ABT‐317's effect on the kidney is significant. Histological analysis revealed significantly fewer inflammatory cells in the kidneys of ABT‐317 treated mice compared to diseased animals (Figure 2A and B). Consequently, glomerular size was reduced (Figure 2C and E) with an overall lesser extent of glomerular disease and tubular dilation (Figure 2D). The positive effects on kidney inflammation and morphology could be traced to ABT‐317's efficacy at a gene expression level. The JAK1, IFN, and chemokine gene signatures were normalized by ABT‐317 to reflect those of young, healthy mice in both the kidneys and blood (Figure 3A and B), and RNA sequencing analysis of kidneys indicates that the active inflammatory pathways at baseline are silenced by ABT‐317 treatment (Supplementary Fig. 3A). It is possible that inflammatory cells are migrating out of the tissues, as suggested by the reduction of the chemokine signature (Figure 3A and B), or that apoptosis is occurring because the IL‐2 family cytokines provide T cell survival signals and are JAK1‐dependent. 34 , 35

Although the elimination of inflammatory cells from the kidney may be necessary for proteinuria reversal, we previously proposed that it is not sufficient because prednisolone eliminated inflammatory cells but did not reverse proteinuria. 15 We think that restoring normal expression of genes linked to human nephrotic syndrome is likely critical to the reversal of severe proteinuria in NZB/W‐F1 mice. Most of these genes are expressed by podocytes, which are cells crucial to the integrity of the glomerular filtration barrier. Restoring the glomerular filtration barrier and glomerular morphology may rely on normalizing expression of these genes. 15 Treatment with a JAK1 inhibitor had the same effect as anti‐CD40 on glomerular morphology (Figure 2C–E) and nephrotic gene expression (Figure 3C) suggesting that they affect the same pathogenic pathway. Our findings suggest that the ability of JAK1 inhibition to reverse proteinuria and restore glomerular function is dependent on restoring function of the kidney parenchymal cells.

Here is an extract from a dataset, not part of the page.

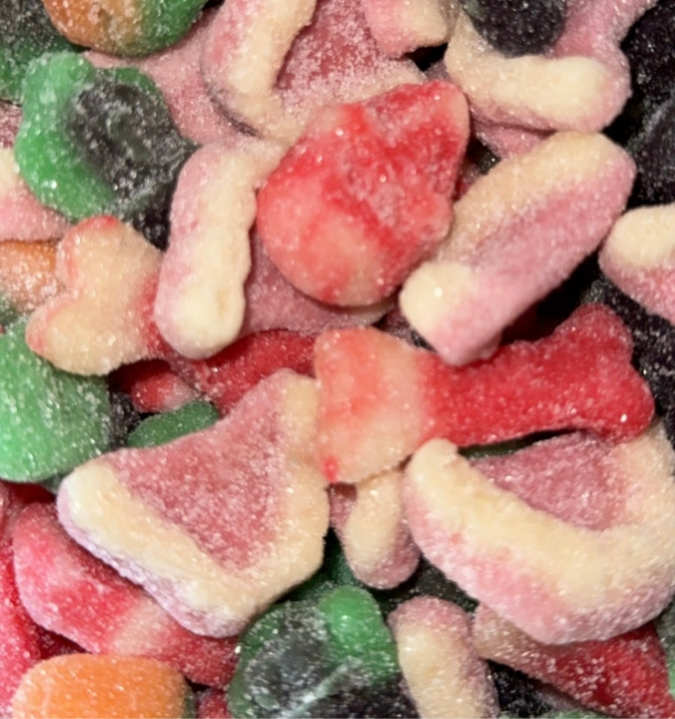 INGRÉDIENTS : Sirop de glucose, sucre, gélatine de bœuf halal, eau, amidon modifié de maïs, amidon de pomme de terre, acidifiants : E270, E330, E296, dextrose, arôme artificiel, agent d'enrobage : monostréarate de glycérol ( tournesol, E471 ), huile végétal ( coco, karité ), colorants : E163, E160a, E129, E133, E100, E102*

Because secondary SD is a common comorbidity for patients with SLE 36 , 37 and the NZB/W‐F1 model is validated for studying both SLE and SD, 15 , 19 , 20 we investigated salivary gland manifestations in addition to SLE endpoints. Although many of the preclinical studies for SD have been conducted in mice or modalities other than the NZB/W‐F1 model, 38 , 39 , 40 , 41 , 42 data have been generated to suggest that STAT3 signaling may be an important mechanism in disease. 41 , 42 For example, metformin indirectly inhibits STAT3 signaling through AMP‐activated protein kinase activation 18 , 41 , 43 and demonstrated reduction of salivary gland infiltrates and significant improvement in salivary output in NOD/ShiLtJ mice. 41 Here, we have demonstrated that therapeutic administration of ABT‐317 significantly reduced salivary gland infiltrates and restored saliva output in NZB/W‐F1 mice (Figure 4A–C) while also normalizing the salivary gland JAK1, IFN, and chemokine gene signatures (Figure 4D) and silencing active inflammatory pathways (Supplementary Figure 3B). Although we did not stain the salivary glands for pSTAT3, we can infer that a similar reduction as seen in the kidneys (Figure 5A and B) occurred in the salivary glands, resulting in efficacy. Collectively, these data represent a novel finding with a JAK1 inhibitor that may be translatable to the clinic.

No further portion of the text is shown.